The second shooting caught everyone’s attention. “The Denver Shooter” became the hot topic at family dinners or when we watched the Broncos games. Old friends I ran into had wild opinions and speculations about the killer, and radio talk show hosts spewed even wilder conspiracy theories meant to explain the shooter. I never brought up any of my own ideas. My thinking got as far as a crazy dude with a gun, which, in my experience, was all anyone really needed to know.

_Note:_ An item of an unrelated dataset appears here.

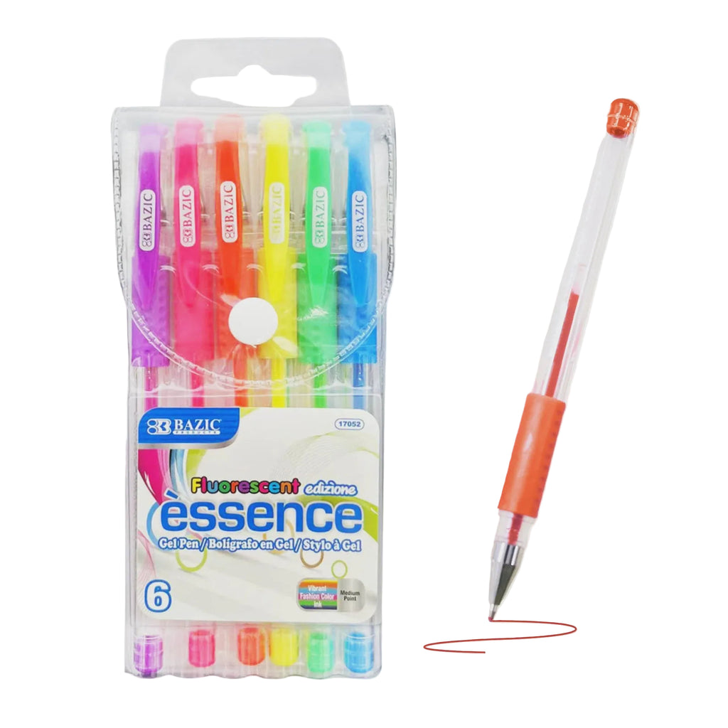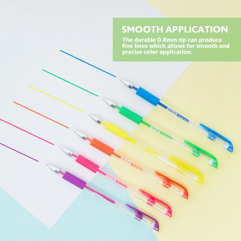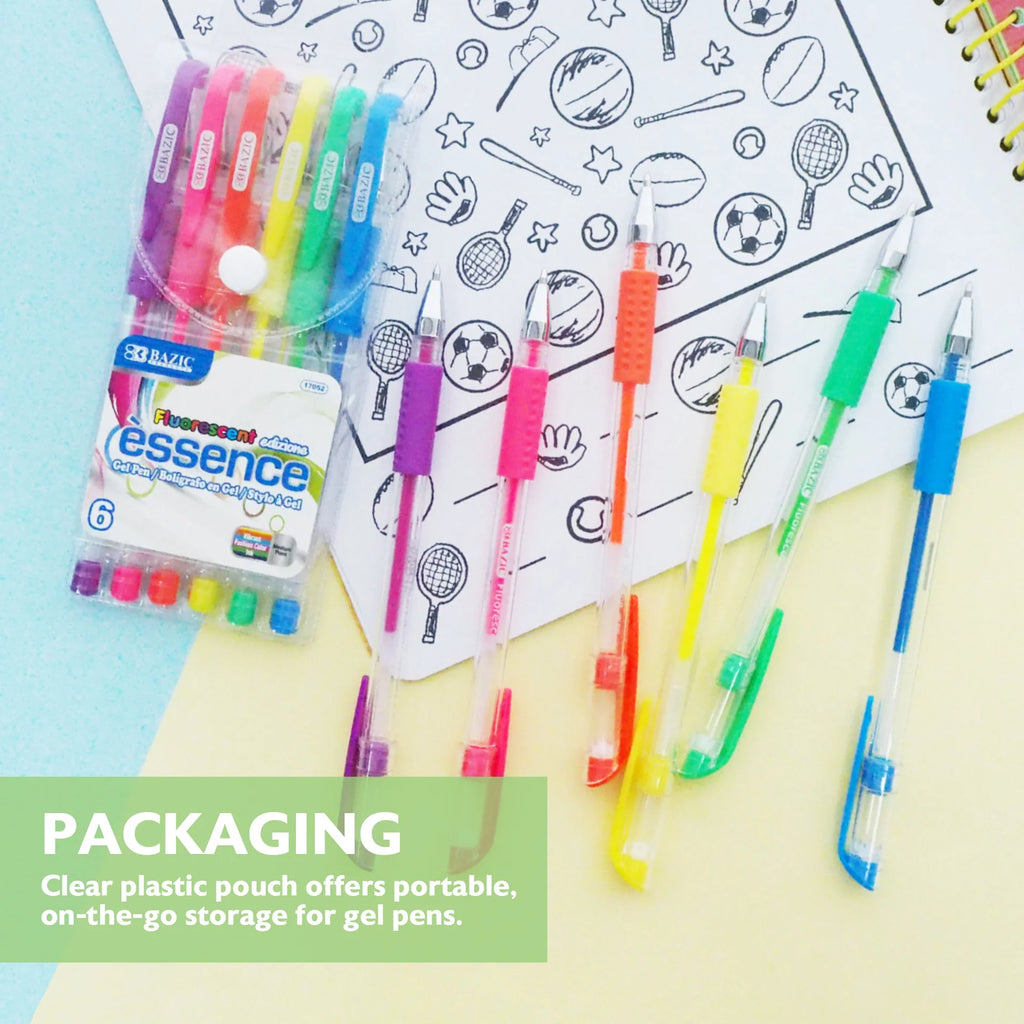 Bazic | 6 Fluorescent Colour Essence Gel Pen w/ Cushion Grip
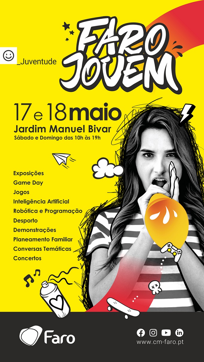 O Município de Faro volta a promover nos dias 17 e 18 de maio mais uma edição do “Faro Jovem”, uma mostra associativa que inclui várias iniciativas direcionadas para o público mais jovem, nomeadamente demonstrações, workshops, espetáculos, música, dança, tunas, jogos de consolas PS5, simuladores, realidade virtual, robótica e muito mais.

TV news reporters flocked to the area, where they waited to interview people coming out of bars and restaurants in what they called the Highlands and LoHi — what we called the Northside. I heard one of the reporters talk about rising tensions, community town halls, and city council debates, and then ask a smiling couple pushing a baby carriage if they felt safe walking the streets of their new hometown. They kind of giggled and shuffled their feet and then they said, “Of course” — what else could they say, right? No way they wanted their mama and papa back in Chicago or their friends in Boston to think they’d made a mistake moving to a million-dollar house in Denver. So, hell no, they weren’t afraid.